Users have a table store sales in the database sales. Users create a table called bj store sales in the database sales. Users want to import the data recorded in the store sales into the new table bj store sales. The amount of data imported is about 10G.

large sales scheme
(id, total, user_id, sale_timestamp, region)
Order large sales schedule:
(id, total, user_id, sale_timestamp)

Cluster situation: The average import speed of current user cluster is about 5M/s

Step1: Determine whether you want to modify the default timeout of Insert Into

Calculate the approximate time of import
10G / 5M /s = 2000s
Modify FE configuration
insert_load_default_timeout_second = 2000

Step2: Create Import Tasks

Since users want to ETL data from a table and import it into the target table, they should use the Insert in query\stmt mode to import it.
```
INSERT INTO bj_store_sales SELECT id, total, user_id, sale_timestamp FROM store_sales where region = "bj";
```

Common Questions

View the wrong line

Because Insert Into can’t control the error rate, it can only tolerate or ignore the error data completely by enable_insert_strict. So if enable_insert_strict is set to true, Insert Into may fail. If enable_insert_strict is set to false, then only some qualified data may be imported. However, in either case, Doris is currently unable to provide the ability to view substandard data rows. Therefore, the user cannot view the specific import error through the Insert Into statement.

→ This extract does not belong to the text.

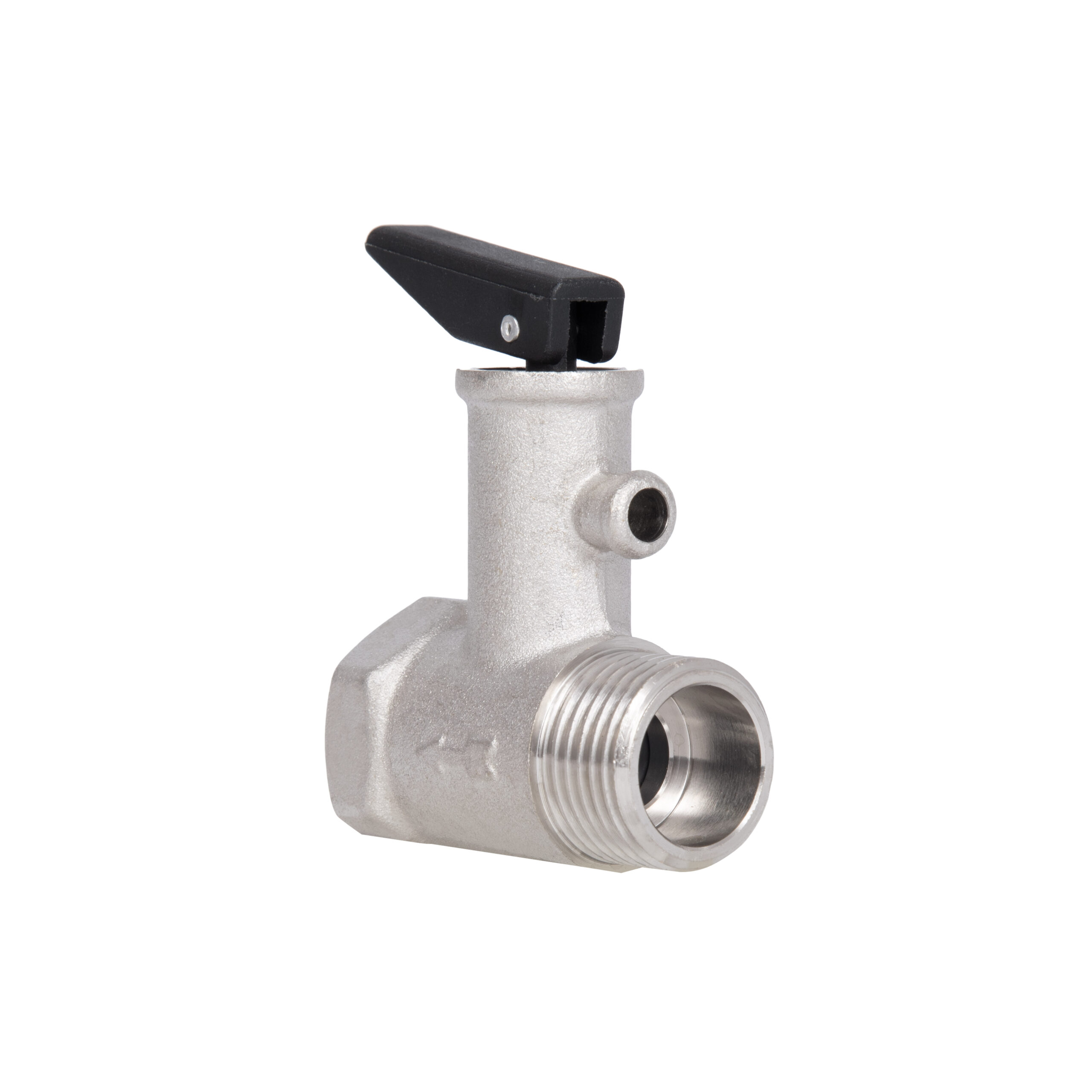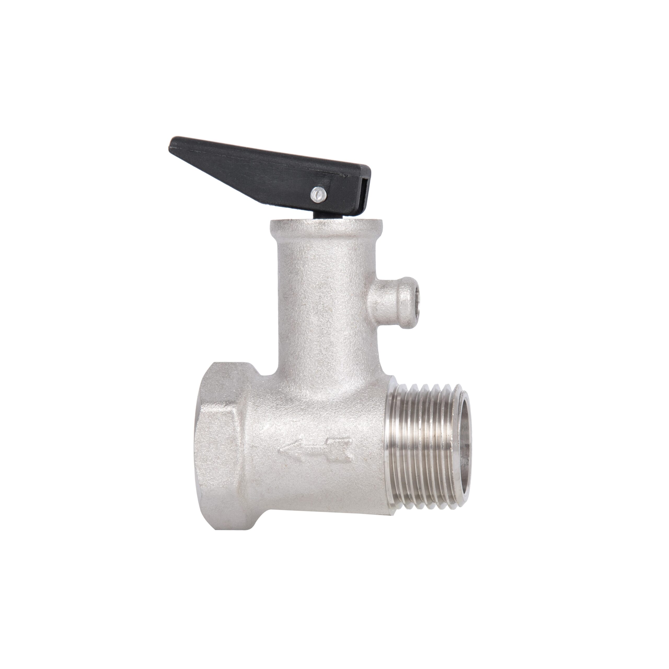 Захисний клапан зворотного скидання з ручкою SD24715R виготовлено з латуні. Є комплектуючим для бойлерів. Забезпечує захист водонагрівача від надмірного тиску в системі, не допускаючи рух рідини назад у нагрівач. Важливо завжди встановлювати підривні клапани для захисту від критичних ситуацій і для продовження терміну служби нагрівальних приладів. Деталь із пластиковою ручкою для ручного (примусового) скидання. Виробництво Китаю.

The causes of errors are usually: source data column length exceeds destination data column length, column type mismatch, partition mismatch, column order mismatch, etc. When it’s still impossible to check for problems. At present, it is only recommended that the SELECT command in the Insert Into statement be run to export the data to a file, and then import the file through Stream load to see the specific errors.